The sauna can increase the heart rate during sessions that correspond to a physical activity of medium intensity. 3.4 The sauna use has also shown a temporary increase in cardiac volume and heart frequency. and is often cited as a reason for the promotion of specific oral hydration regime. 5,9,10 Recent studies show us that repeated sauna treatment for CHF patients is secure and that it can specifically improve the endothelial function, the stress tolerance and the ejection fraction. Advantages in CHF patients.
The results of this pilot study indicate that WT is safe and can have psychological and physical advantages for CHF patients. The results that show an improvement in general QOL in addition to improving cardiac and vascular endothelial function and resilience are particularly encouraging.

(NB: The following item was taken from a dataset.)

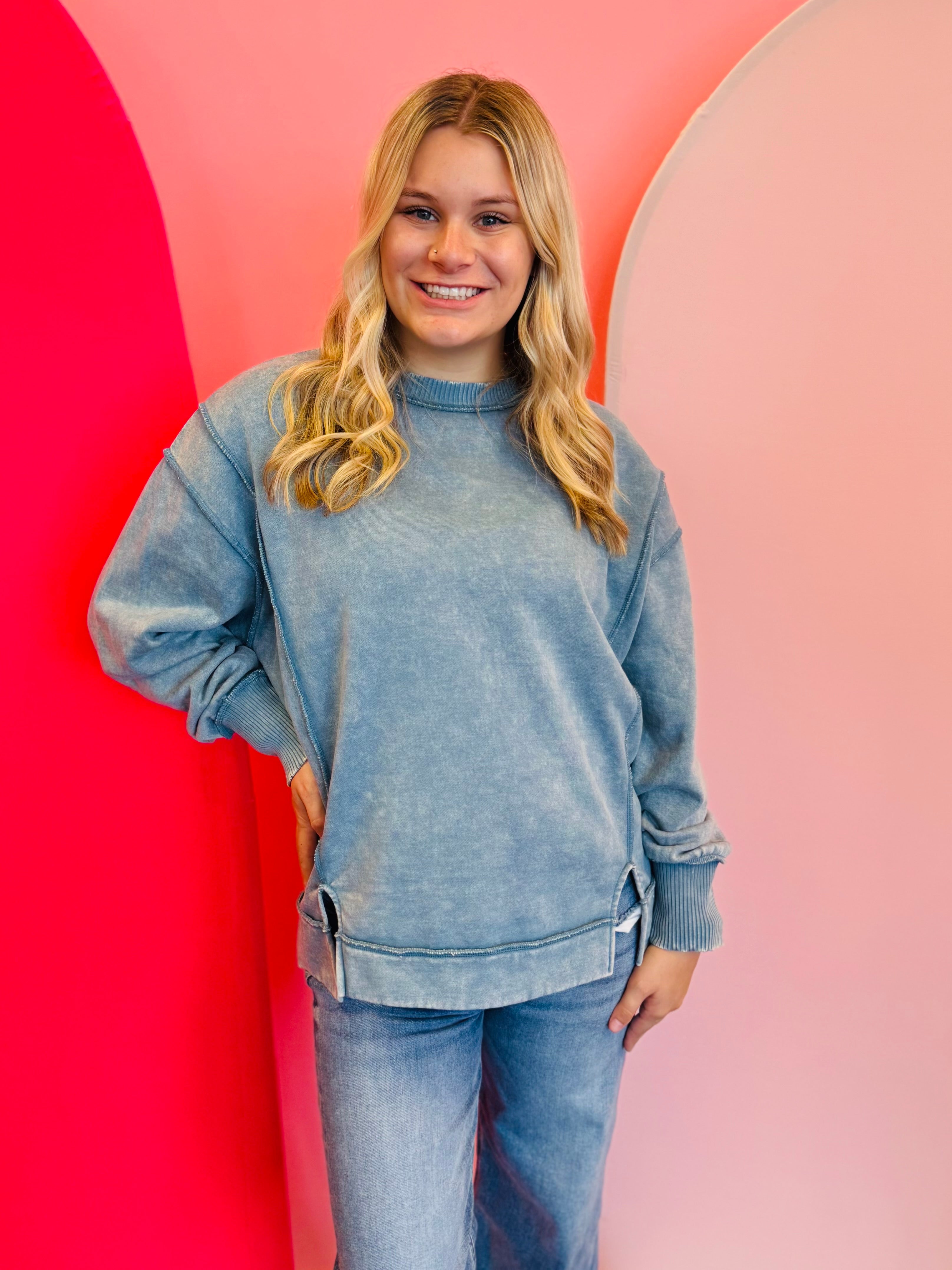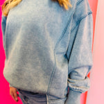 Blue grey acid wash fleece sweatshirt with exposed seams, side slits, and a bottom band.
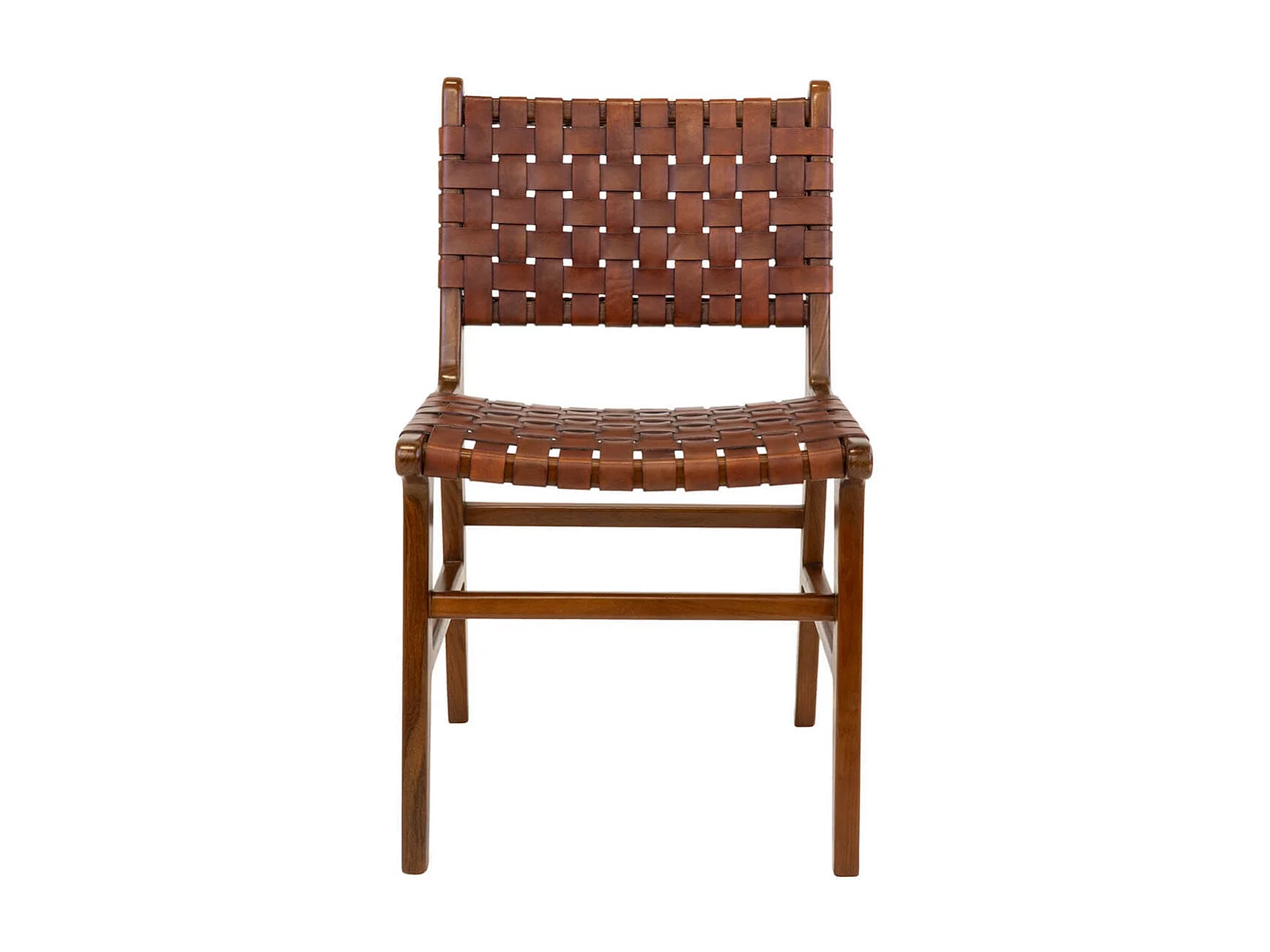 RIMINI - Lot de 2 Chaises en Teck et Lanières Cuir Marron

While many hospitals have cardiac rehabilitation centers that include physical and occupational therapies, only a few hospitals, if at all, have distant infrared saunas. In view of the abundance of studies, some patients could be interested in buying remote infrared saunas for home use. It is our responsibility to advise these patients on security issues regarding sauna therapy, especially if they have CHF or other chronic diseases. A clarification of the oral fluid intake and the limitation of the time spent during each session and the recommendation of security measures such as session timers would be a start.